On Grounding and Mindfulness

Throughout my career I have been privileged to work with people of varying ages, presentations, histories and symptoms. A common theme for everyone has been the significance of grounding and mindfulness. Here are some thoughts of what grounding and mindfulness are, with some words of encouragement when it feels impossible and some specific ‘behaviorisms’ that I’ve found can make grounding more accessible to all.

WHAT IS GROUNDING?

Grounding is a set of simple strategies to detach from emotional pain (for example, drug cravings, self-harm impulses, anger, sadness). Distraction works by focusing outward on the external world rather than inward toward the self. You can also think of it as “distraction”, “centering”, “a safe place”, “looking outward”, or “healthy detachment”.

WHY DO GROUNDING?

When you are overwhelmed with emotional pain you need a way to detach so that you can gain control over your feelings and stay safe. As long as you are grounding, you cannot possibly use substances to hurt yourself! Grounding “anchors” you to present and to reality. Many people with PTSD, Bipolar Disorder and Substance Abuse issues struggle with either feeling too much (overwhelming emotions and memories) or too little (numbing and dissociation). In grounding you attain balance between the two – conscious of reality and able to tolerate it.
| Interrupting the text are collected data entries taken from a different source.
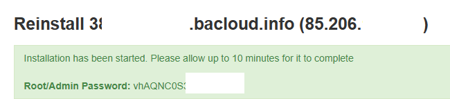 Система выдаст новый Root/Admin Password. Сохраняем его.
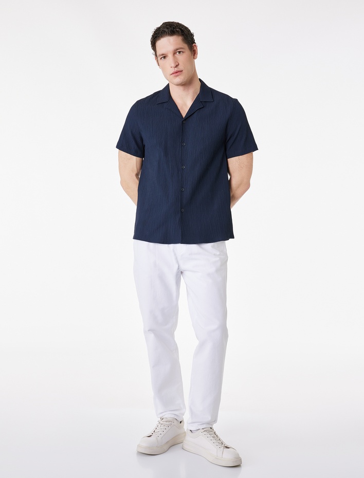 Regular Fit Kısa Kollu Apaş Yaka Viskon Keten Karışımlı Gömlek Sepete Ekle
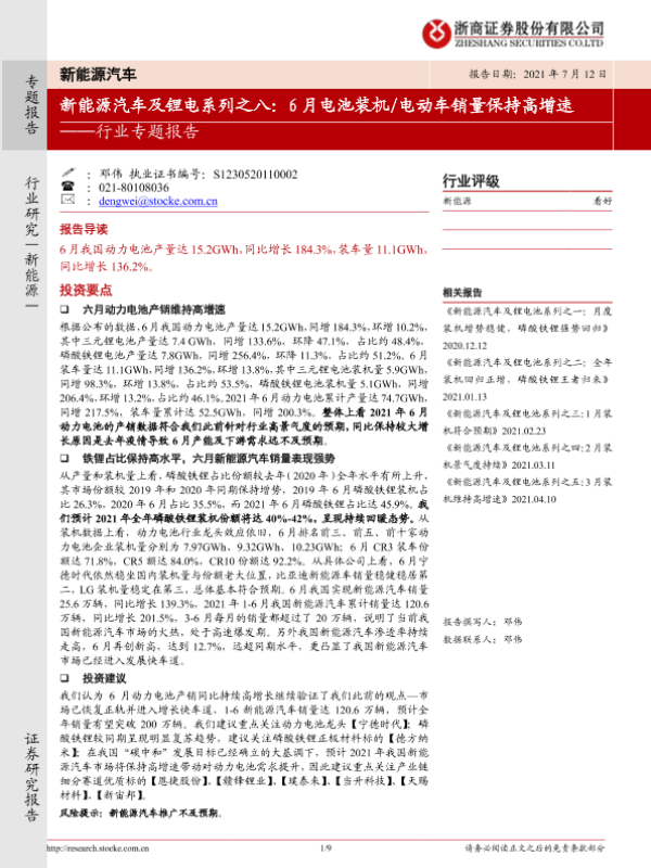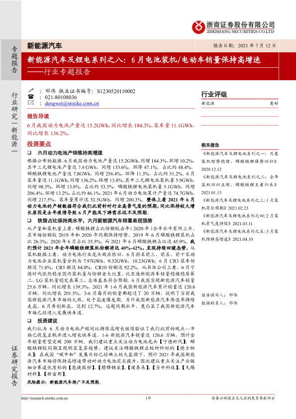 【浙商证券】【20210712】新能源汽车及锂电系列之八:6月电池装机 电动车销量保持高增速-9页

KEY IDEAS ABOUT EMOTIONAL PAIN

“No feeling is final” (Rilke) – No matter how miserable a feeling, it can change even if it feels like it never will. Pain is a feeling, it is not who you are – When you get caught up in it, you feel like you are your pain and that is all that exists. But it is only one part of your experience – the others are just hidden and can be found again through grounding and mindfulness.

GUIDELINES
Grounding and mindfulness can be done anytime, anywhere and no one needs to know. Use grounding when you are:
Faced with a trigger
Having a flashback
Dissociating
Having a substance craving
When your emotional pain goes above 6 (on a 1-10 scale)
Grounding puts healthy distance between you and these negative feelings.
TO PRACTICE GROUNDING:

Keep your eyes open, scan the room, and turn the light on to stay in touch with the present.
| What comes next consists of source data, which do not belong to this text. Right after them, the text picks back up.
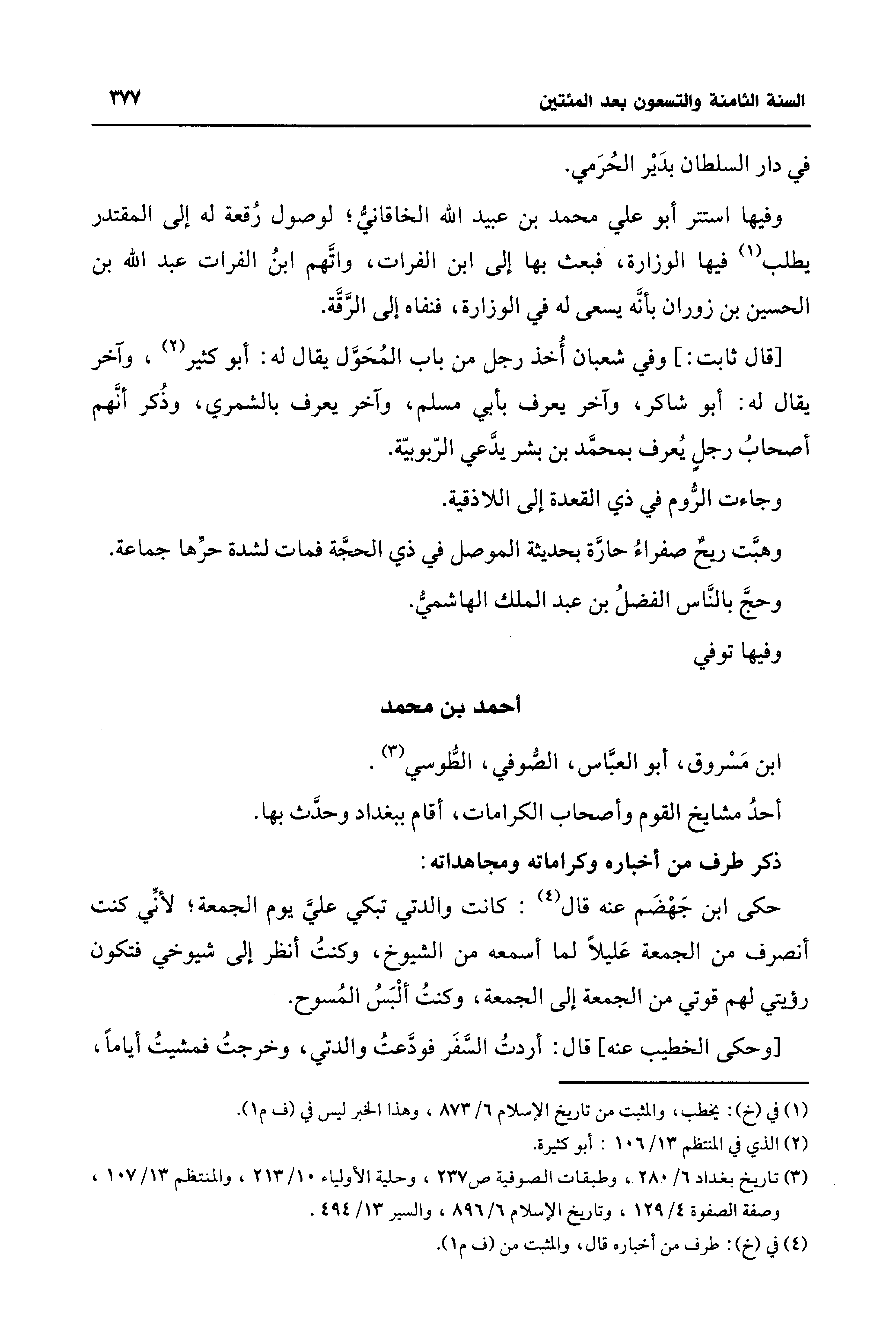 (¬3) تاريخ بغداد 6/ 280، وطبقات الصوفية ص 237، وحلية الأولياء 10/ 213، والمنتظم 13/ 107، وصفة الصفوة 4/ 129، وتاريخ الإسلام 6/ 896، والسير 13/ 494.
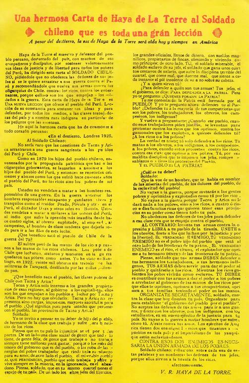 "Carta al Soldado Chileno" escrita por Víctor Raúl Haya de la Torre en 1925.
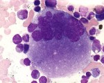 Megakaryocytes are among the largest cells in the bone marrow. The nuclei generally have multiple lobes, and the cytoplasm is granular. Occasionally platelets can be seen “budding” ...
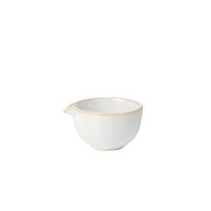 Each piece is hand-dipped into the glaze from top to bottom, leaving a single band or natural porcelain around the rim and base of each piece, with unique variations forming individual character.

Rate your mood before and after to test whether it worked. Before grounding, rate your level of emotional pain (0-10, where 10 means “extreme pain”). Then re-rate it afterwards. Has it gone down?

No talking about negative feelings or journal writing – you want to distract away from negative feelings, not get in touch with them.

Stay neutral – no judgements of “good” or “bad”. For example, “The walls are blue; I dislike the color blue because it reminds of me depression”. Simply say, “the walls are blue”, and move on.

Focus on the present, not the past or future. I’ve heard that depression is being over reflective on the past and anxiety a result of thinking too much about the future. Be in the present.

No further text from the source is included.